■ **PROBLEM STATEMENT**
What you produce should be the lines from the line containing "GPU显存的速度快但容量小,CPU内存的" through the last line below, both ends included, reproduced exactly and without pictures.

■ **DATA EXCERPT**
================================
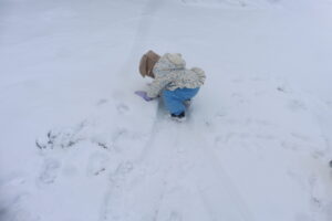 雪を持ってコロコロをしていると、雪玉ができてくること気が付き、とても大事にコロコロしていました。
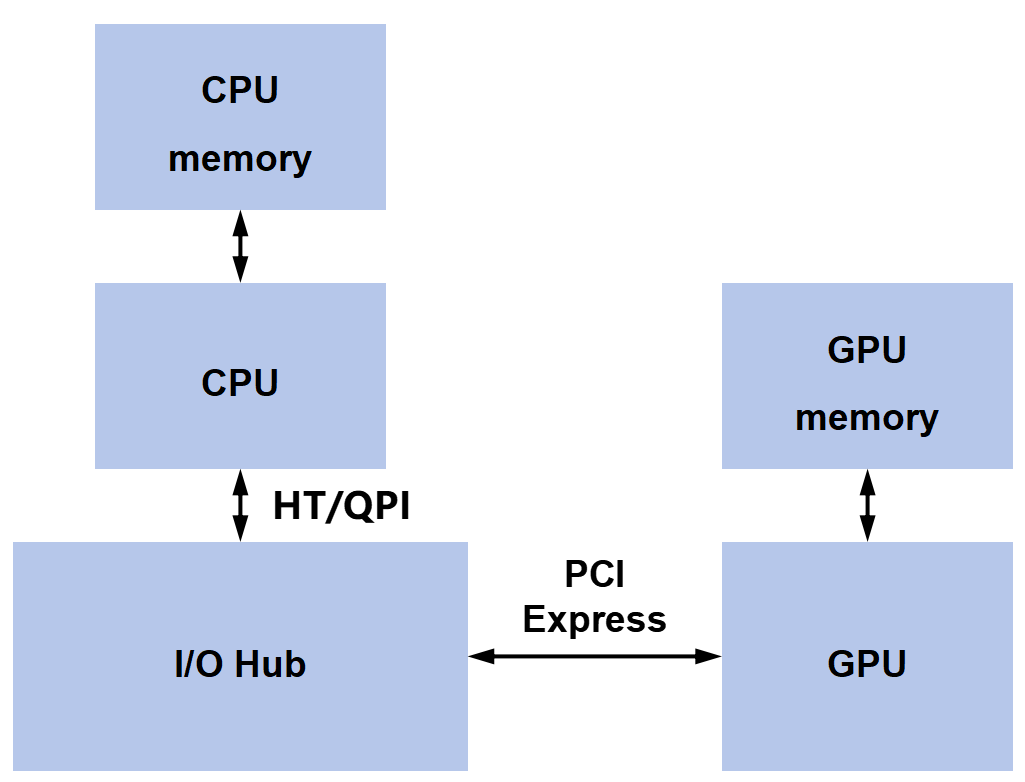 GPU显存的速度快但容量小,CPU内存的速度慢但容量大。因为内存系统的差异,加速的计算应用一般先把数据从网络或磁盘移至CPU内存,然后再复制到GPU显存,数据才可以被GPU处理。
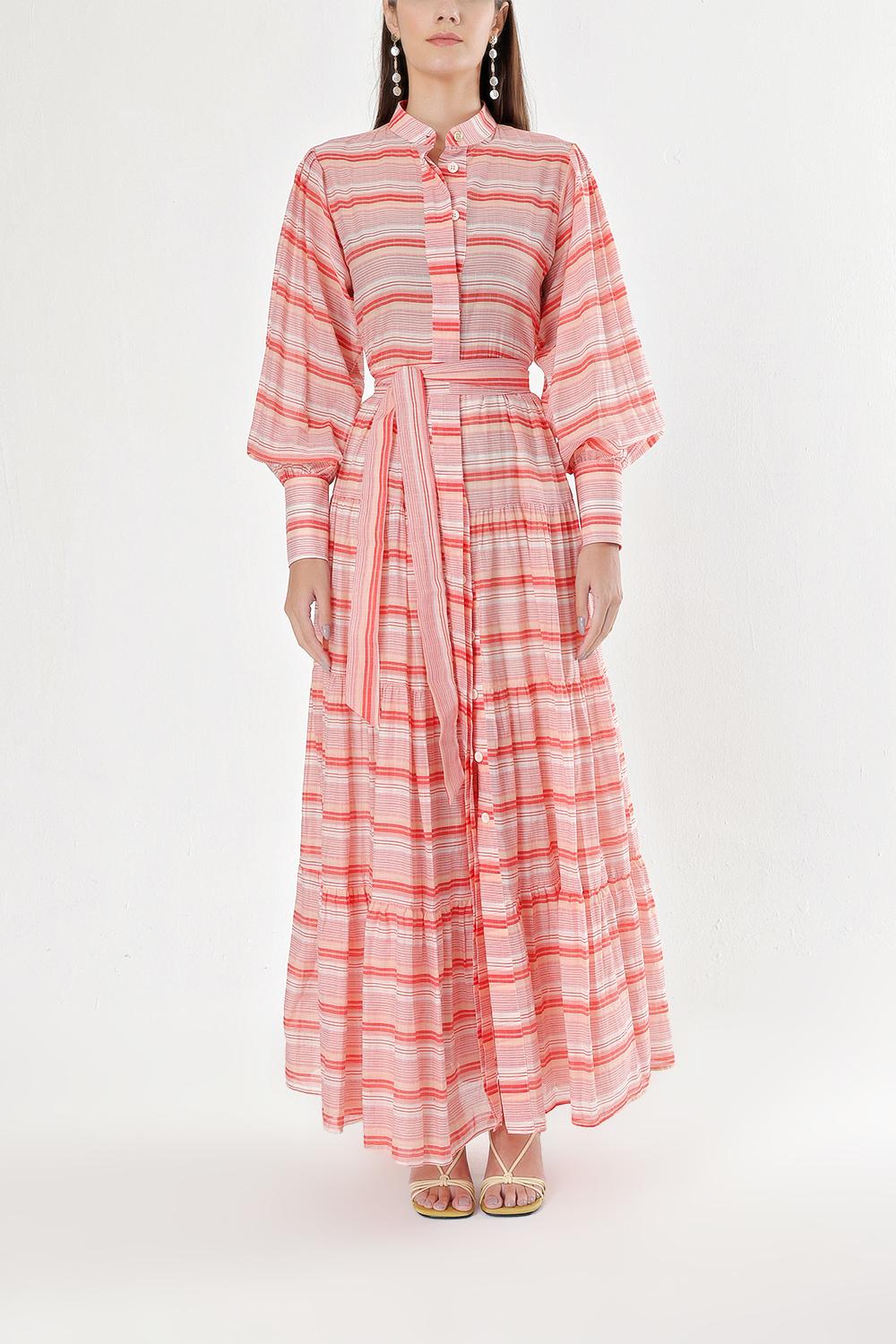 Kırmızı Balon kollu büzgülü gömlek elbise 94301
================================
■ **ANSWER**
 GPU显存的速度快但容量小,CPU内存的速度慢但容量大。因为内存系统的差异,加速的计算应用一般先把数据从网络或磁盘移至CPU内存,然后再复制到GPU显存,数据才可以被GPU处理。
 Kırmızı Balon kollu büzgülü gömlek elbise 94301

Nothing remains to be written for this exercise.